A Floral Atlanta, integrante do Grupo Polar, é uma das empresas que aposta no potencial do Valentine’s Day. Focada na produção de espumas florais, a companhia ampliou sua oferta com produtos temáticos, como embalagens personalizadas e acessórios decorativos, alinhando-se ao romantismo típico da ocasião. Paula Lo Frano, gerente de marketing da empresa, revela que a expectativa é de um crescimento de cerca de 10% nas vendas durante o período. “A procura por itens que combinam inovação, qualidade e sustentabilidade impulsionará esse aumento”, afirma.
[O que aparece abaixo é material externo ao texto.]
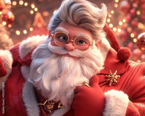 Smiling Santa Claus with White Beard and Red Suit, Spreading Festive Joy with Twinkling Lights and Holiday Decor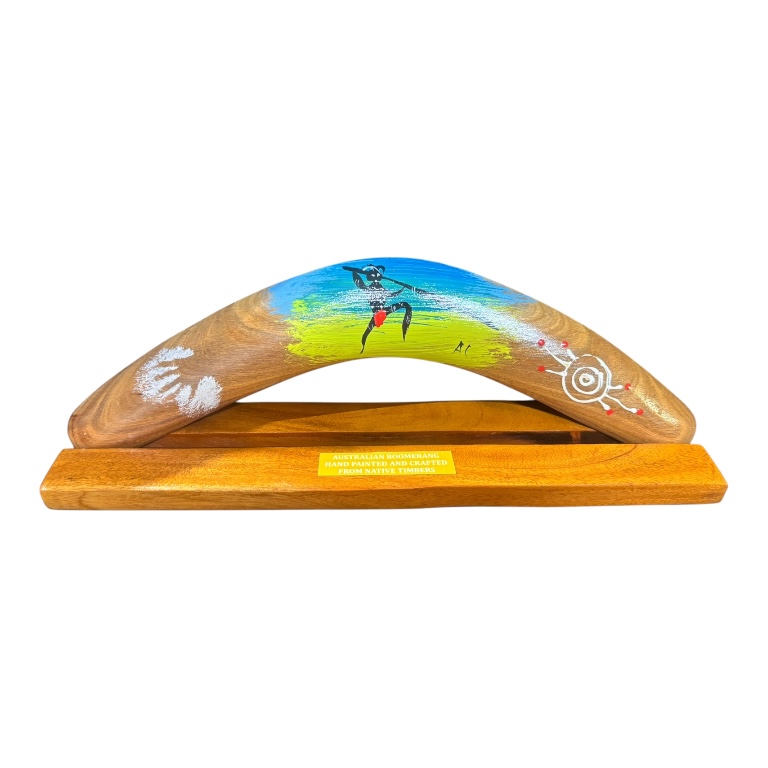 Discover the beauty and cultural significance of Indigenous art with our Hand-Painted 12-Inch (30cm) Boomerang with box and display stand — a unique and authentic Indigenous Australian souvenir handcrafted in Australia. Each piece is presented in a box and comes complete with a display stand, making it ideal for gifting or showcasing in your home or office. Each boomerang features a vibrant, contemporary design, carefully hand-painted by Arthur Conlon . These intricate artworks draw on cultural stories and traditional symbols, making every piece a meaningful expression of Indigenous heritage.
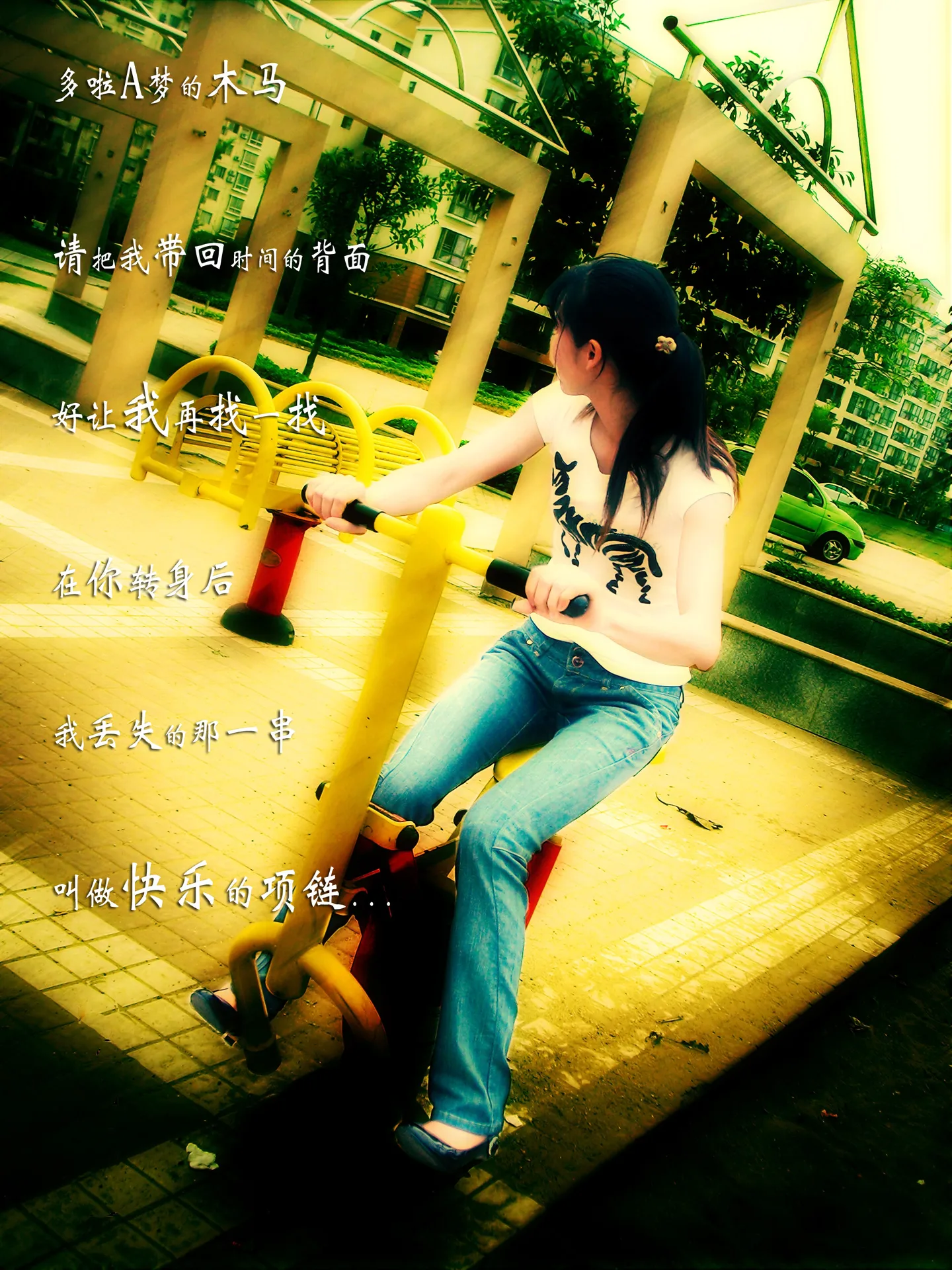 又來麻煩你了 麻煩你把日期去掉 突出牛仔褲 最好要搞個意境出來 還要配段文字: 多啦A梦的木马, 请把我带回时间的背面, 好让我再找一找, 在你转身后, 我丢失的那一串, 叫做快乐的项链。
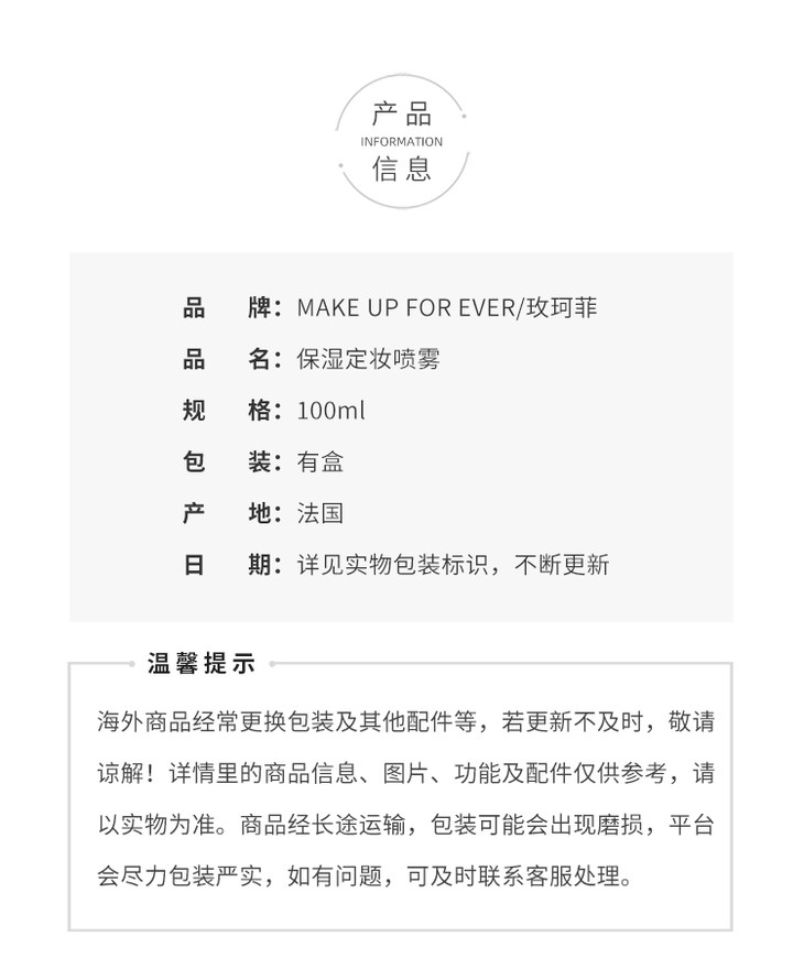 玫珂菲保湿持妆喷雾 定妆喷雾 MAKEUPFOREVER 大白喷浮生若梦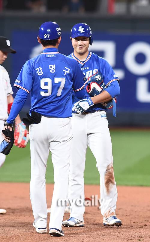 [마이데일리 = 수원 곽경훈 기자] 삼성 최영진이 15일 오후 수원 kt위즈파크에서 진행된 '2018 신한은행 MY CAR KBO리그' kt-삼성의 경기에서 5회초 무사 1루에서 2루타를 때린뒤 미소를 짓고있다.- ⓒ마이데일리(www.mydaily.co.kr). 무단전재&재배포 금지 -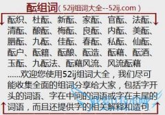 组词大全详解[酝组词]如:酝织、杜酝、新酝、家酝、官酝、法酝、清酝、酿酝、梅酝、良酝、内酝、美酝、腊酝、九酝、佳酝、春酝、私酝、仙酝、酝户、酝籍、酝酿、酝造...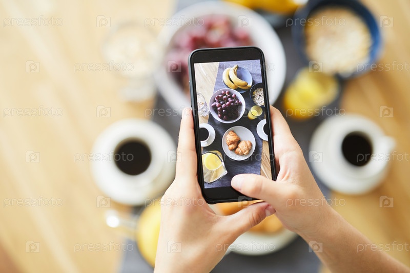 Свежая еда и закуска подаются на завтрак на сенсорном экране смартфона

Inovações e Sustentabilidade no Mercado de Flores

Entre as inovações da Floral Atlanta estão as espumas florais em formatos diferenciados, como corações, que proporcionam arranjos mais personalizados e impactantes. Esses materiais, fundamentais para a preservação das flores e folhagens em arranjos, garantem frescor e estabilidade. “Esses produtos são essenciais para a criação de arranjos românticos e grandiosos”, comenta Paula. A empresa também destaca o crescente interesse por embalagens sofisticadas, cachepots elegantes e fitas decorativas em tons de vermelho e rosa, cores típicas da data.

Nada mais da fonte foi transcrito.